**EXERCISE BRIEF**
In the listing below, print exactly the lines between the line holding "在巨峰上,炭疽病剛發(fā)病的時候是一個很小的點。" and the line holding "Vintage Glass Cut", inclusive, and no more.

**RECORDS**
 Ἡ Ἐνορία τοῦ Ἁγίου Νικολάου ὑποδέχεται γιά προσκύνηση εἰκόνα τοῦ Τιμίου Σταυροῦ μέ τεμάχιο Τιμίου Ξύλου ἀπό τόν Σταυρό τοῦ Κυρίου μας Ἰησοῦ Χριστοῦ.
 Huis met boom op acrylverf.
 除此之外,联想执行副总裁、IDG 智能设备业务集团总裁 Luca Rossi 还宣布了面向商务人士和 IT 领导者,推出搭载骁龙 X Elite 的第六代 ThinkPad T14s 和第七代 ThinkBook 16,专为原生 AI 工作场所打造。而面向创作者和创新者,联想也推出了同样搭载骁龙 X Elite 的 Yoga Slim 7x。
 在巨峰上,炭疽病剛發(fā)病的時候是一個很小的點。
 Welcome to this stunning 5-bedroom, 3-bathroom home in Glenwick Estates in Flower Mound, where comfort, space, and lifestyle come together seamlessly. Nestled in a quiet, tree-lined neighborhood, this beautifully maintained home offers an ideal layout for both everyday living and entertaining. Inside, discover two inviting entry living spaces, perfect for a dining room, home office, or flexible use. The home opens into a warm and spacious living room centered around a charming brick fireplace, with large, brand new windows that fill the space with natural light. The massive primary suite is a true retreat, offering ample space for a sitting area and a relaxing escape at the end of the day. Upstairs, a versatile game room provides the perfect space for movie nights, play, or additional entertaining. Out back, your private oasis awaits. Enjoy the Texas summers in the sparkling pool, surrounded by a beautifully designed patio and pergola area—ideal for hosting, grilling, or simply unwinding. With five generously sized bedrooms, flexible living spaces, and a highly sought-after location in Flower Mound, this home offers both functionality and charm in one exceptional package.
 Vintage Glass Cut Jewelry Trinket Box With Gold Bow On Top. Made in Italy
--
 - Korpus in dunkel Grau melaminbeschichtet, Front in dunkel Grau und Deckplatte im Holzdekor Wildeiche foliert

**ANSWER SECTION**
 在巨峰上,炭疽病剛發(fā)病的時候是一個很小的點。
 Welcome to this stunning 5-bedroom, 3-bathroom home in Glenwick Estates in Flower Mound, where comfort, space, and lifestyle come together seamlessly. Nestled in a quiet, tree-lined neighborhood, this beautifully maintained home offers an ideal layout for both everyday living and entertaining. Inside, discover two inviting entry living spaces, perfect for a dining room, home office, or flexible use. The home opens into a warm and spacious living room centered around a charming brick fireplace, with large, brand new windows that fill the space with natural light. The massive primary suite is a true retreat, offering ample space for a sitting area and a relaxing escape at the end of the day. Upstairs, a versatile game room provides the perfect space for movie nights, play, or additional entertaining. Out back, your private oasis awaits. Enjoy the Texas summers in the sparkling pool, surrounded by a beautifully designed patio and pergola area—ideal for hosting, grilling, or simply unwinding. With five generously sized bedrooms, flexible living spaces, and a highly sought-after location in Flower Mound, this home offers both functionality and charm in one exceptional package.
 Vintage Glass Cut Jewelry Trinket Box With Gold Bow On Top. Made in Italy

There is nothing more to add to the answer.